A large number of approaches of the entity matching literature have been evaluated as part of the Ontology Alignment Evaluation Initiative (OAEI) [1] using data sets such as Yago, Freebase, and Imdb[13, 20]. Contrary to the proposed multi-modal knowledge graph data sets, however, the OAEI does not focus on tasks with visual and numerical data. The main advantages of Mmkg over existing benchmark data sets for entity matching are: (1) Mmkg’s entities are associated with visual and numerical data, and (2) the availability of ground truth entity alignments for a high percentage of the KG entities. The former encourages research in entity matching methods that incorporate visual and numerical data. The latter allows one to measure the robustness in performance of entity matching approaches with respect to the number of given alignments between two KGs. The benchmark KGs can also be used to evaluate different active learning strategies. Traditional active learning approaches ask a user for a small set of alignments that minimize the uncertainty and, therefore, maximize the quality of the final alignments.

Table 1. Files from which we extract the different subcomponents of Mmkg.

3 Mmkg: Dataset Generation

We chose Freebase-15k (FB15k), a data set that has been widely used in the knowledge graph completion literature, as a starting point to create the multi-modal knowledge graphs. Facts of this KG are in N-Triples format, a line-based plain text format for encoding an RDF graph. For example, the triple

</ns/g.112ygbz6> </ns/type.object.type> </ns/film.film>.

indicates that the entity with identifier </ns/g.112ygbz6> is connected to the entity with identifier </ns/film.film> via the relationship </ns/type.object.type>.

Table 2. Statistics of the Mmkg knowledge graphs.

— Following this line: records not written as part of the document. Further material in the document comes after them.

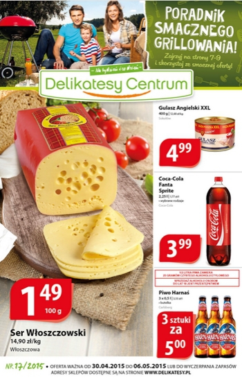 {loadposition linkDelikatesyCentrum} Nowa gazetka promocyjna Delikatesów Centrum. Polecane promocje z gazetki Delikatesów Centrum: Ser Włoszczowski 100 g - 1,49 zł. Gulasz Angielski XXL 400 g - 4,99 zł. Piwo Harnaś 3x500 ml - 5 zł. Oferta ważna od…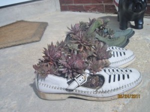 Reuse an old leather shoe as a planter for hen and chicks or other small succulents. This is a great gift idea.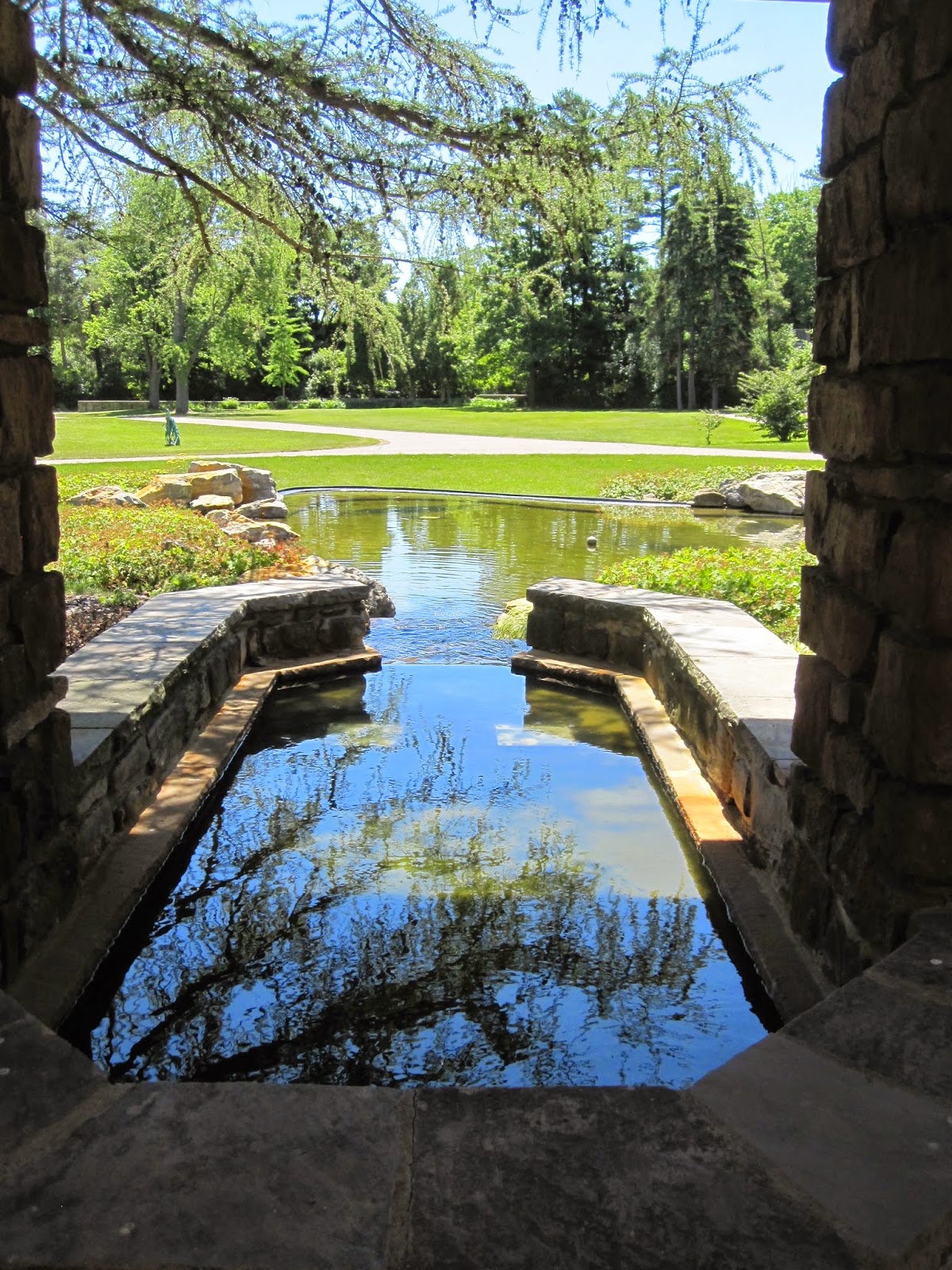 Other features of the home are having a garden at one of the end of the home where the runoff from rain showers were angled so that it would empty in the garden and keep it watered. Another Wright touch would be the open ribbon like windows on both sides of the home. It gives the illusion that you can see through the home and enjoy the views of the lake and Canada across the way. My favorite aspect of Greycliff is the running fountain that is designed in the front of the home and main walk way. Two smaller walls line a water way that empties out into a bigger, natural, pool, so that it gives the illusion the lake is running through the home.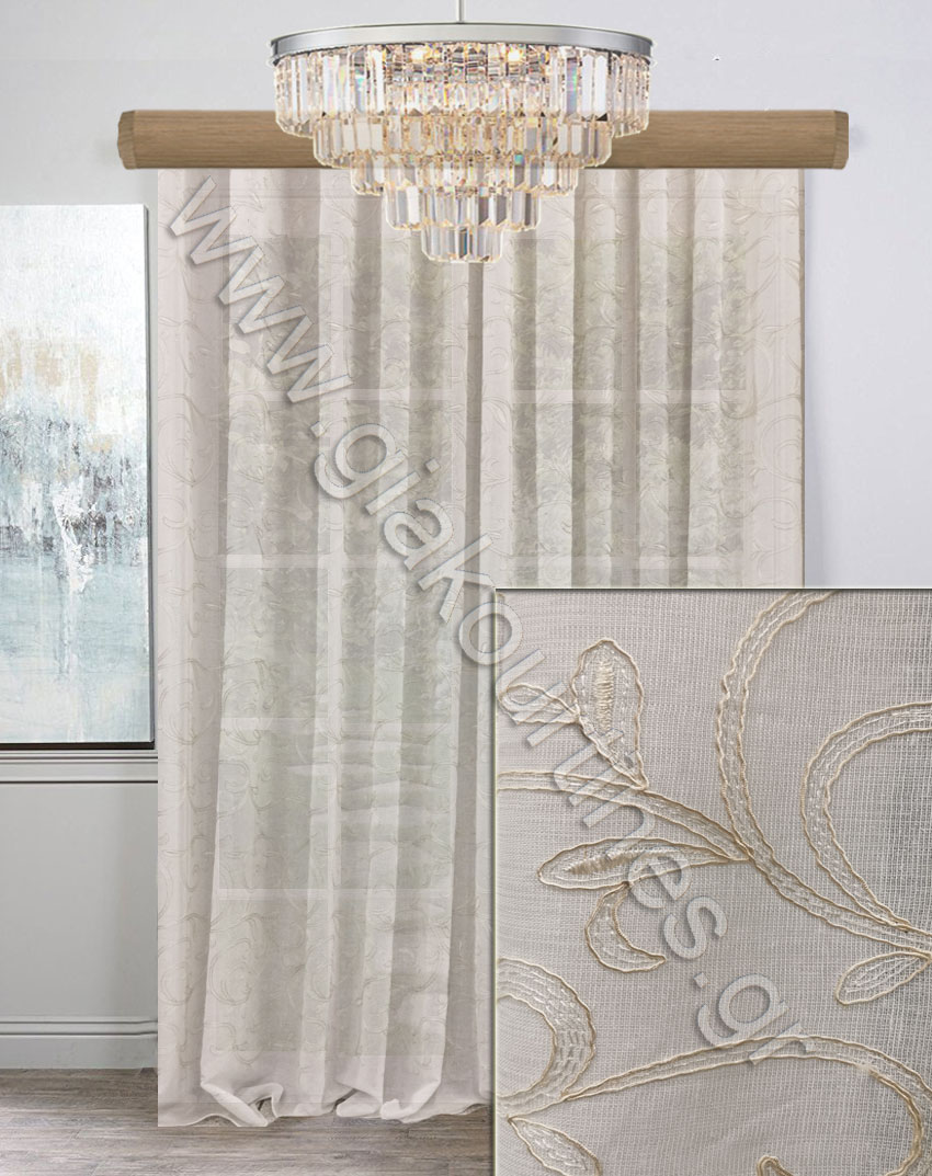 Κουρτίνα πολυτελείας, μερικής διαφάνειας, έτοιμη ραμμένη. Ύφασμα ματ, Ευρωπαίκών προτύπων και ποιότητας. Διαθέτει βαρίδι στο τελείωμα. Το χρώμα της κουρτίνας είναι λευκό με ανάγλυφο κεντημένο σχέδιο, χρώμα ιβουάρ προς εκρού.

We create versions of DBpedia and Yago, called DBpedia-15k (DB15k) and Yago15k, by aligning entities in FB15k with entities in these other knowledge graphs. More concretely, for DB15k we performed the following steps.

  1. 1.

    sameAs. We extract alignments between entities of FB15k and DBpedia in order to create DB15k. These alignments link one entity from FB15k to one from DBpedia via a \(\mathtt {sameAs}\) relation.

  2. 2.

    Relational Graph. A high percentage of entities from FB15k can be aligned with entities in DBpedia. However, to make the two knowledge graphs have roughly the same number of entities and to also have entities that cannot be aligned across the knowledge graphs, we include additional entities in DB15k. We chose entities with the highest connectivity to the already aligned entities to complete DB15k. We then collect all the triples where both \(\mathtt {head}\) and \(\mathtt {tail}\) entities belong to the set of entities of DB15k. This collection of triples forms the relational graph structure of DB15k.

  3. 3.

    Numeric Literals. We collect all triples that associate entities in DB15k with numerical literals. For example, the relations /location/geocode/latitude links entities to their latitude. We refer to these relation types as numerical relations. Figure 2 shows the most common numerical relationships in the knowledge graphs. In previous work [9] we have extracted numeric literals for FB15k only.

  4. 4.

    Images. We obtain images related to each of the entities of FB15k. To do so we implemented a web crawler that is able to parse query results for the image search engines Google Images, Bing Images, and Yahoo Image Search. To minimize the amount of noise due to polysemous entity labels (for example, there are two Freebase entities with the text label “Paris”) we extracted, for each entity in FB15k, all Wikipedia URIs from the 1.9 billion triple Freebase RDF dumpFootnote 1. For instance, for Paris, we obtained URIs such as Paris(ile-de-France,France) and Paris(City_of_New_Orleans, Louisiana). These URIs were processed and used as search queries for disambiguation purposes. We crawled web images also following other type of search queries, and not only the Wikipedia URIs. For example, we used (i) the entity name, and (ii) the entity name followed by the entity’s notable type as query strings, among others. After visual inspection of polysemous entities (as they are the most problematic entities), we observed that using Wikipedia URIs as query strings was the strategy that alleviated most the polysemy problem. We used the crawler to download a number of images per entity. For each entity we stored the 20 top ranked images retrieved by each browser. We filtered out images with a side smaller than 224 pixels, and images with a side 2.5 bigger than the other. We also removed corrupted, low quality, and duplicate images (pairs of images with a pixel-wise distance below a certain threshold). After all these steps, we kept 55.8 images per entity on average. We also scaled the images to have a maximum height or width of 500 pixels while maintaining their aspect ratio. Finally, for each entity we distribute a distinct image to FB15k and DB15k.

Fig. 2.
figure 2

Most common numerical relationships in DB15k (left) and Yago15k (right).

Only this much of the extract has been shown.